Procrastination Is Really Perfectionism
Are you prone to delaying the start of a task? Is there a project you know you should start, but you can’t seem to motivate yourself to begin? Are you delaying work that really needs to be done for work or for school? Or do you start something, but can’t seem to finish it?
Perhaps you have that nagging voice in the back of your head that you really should be working on a task or project, but you can’t seem to motivate yourself. Even though that voice telling you to get going is LOUD, you ignore it, sometimes so much so that you feel anxious about your procrastination. And even though that voice may be screaming at you to get busy, you ignore it and you don’t understand why. Why can’t you just seem to get yourself going?
You may have a lot of guilt associated with the procrastination and your “inner critic” may be chastising you because of the procrastination. Yet, even though there may be guilt and you may be internally beating yourself up over the procrastination that may not be enough to get motivated to actually do the thing already!

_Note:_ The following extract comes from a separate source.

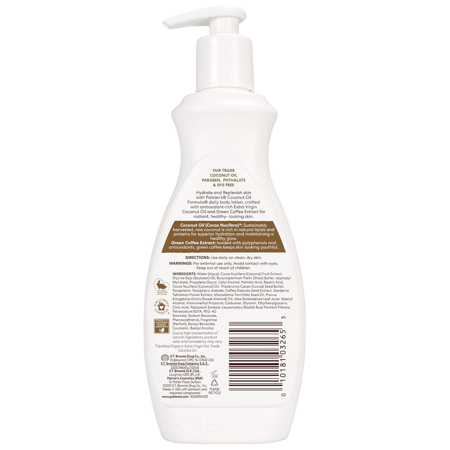 Palmer's Coconut Oil Formula Body Lotion for Dry Skin, Hand & Body Moisturizer with Green Coffee Extract & Vitamin E, Pump Bottle, 13.5 Fl Oz (Pack of 1) Brand Palmer's Item Volume 399 Milliliters Item dimensions L x W x H 2 x 3.5 x 9 inches Age Range (Description) Adult Special Feature Not Tested On Animals About this item Body Lotion: This raw, natural Coconut Oil Lotion in a convenient pump bottle delivers luxurious moisturization for decadently pampered skin all day long; Great for all skin types Special Formula: This moisturizing body lotion for dry skin is crafted with antioxidant-rich Coconut Oil and Green Coffee Extract to soften, hydrate and pamper for radiant, healthy-looking skin and 48 hour moisture Finest Ingredients: We use only the finest natural, raw ingredients for soft, hydrated and beautiful hair & skin. We support sustainable production of Shea & Cocoa Butter and Coconut Oil. You can feel good about what you put on your hair and skin Choose What's Real: Our nourishing skin care and hair care products feature real, high-quality, plant-based ingredients. Our product line for whole body care includes body butter, creams, balms, lotions, oils, soaps, pregnancy and stretch mark care Why Palmers? For over 180 years, Palmer's has crafted treatment-oriented beauty products using Cocoa Butter, Coconut Oil, Shea Butter, Olive Oil & Vitamin E to soothe, hydrate, soften, replenish and revitalize skin and hair

Are you wondering why you procrastinate, especially if this has been a life-long issue for you? When we procrastinate, often the surprising underlying reason is perfectionism.
You may have heard the expression “Do it right or don’t do it at all.” Well, oftentimes, perfectionists are opting to “not do it at all.” Perfectionists hold themselves to incredibly high standards, accepting nothing but the best from themselves. Since they are putting such pressure on themselves, perfectionists will often procrastinate and not start a project or task because of the fear they have of not being able to achieve perfection. If it can’t be done perfectly, they would rather just not start at all. In their subconscious mind, they would rather not do something than do it and getting results that don’t add up to their very high standards. They don’t want to risk the chance of having the outcome wind up imperfect. In the perfectionist’s mind, it is a better alternative to not do something than to do something and have the result or outcome be of a lower quality or standard than they set for themselves.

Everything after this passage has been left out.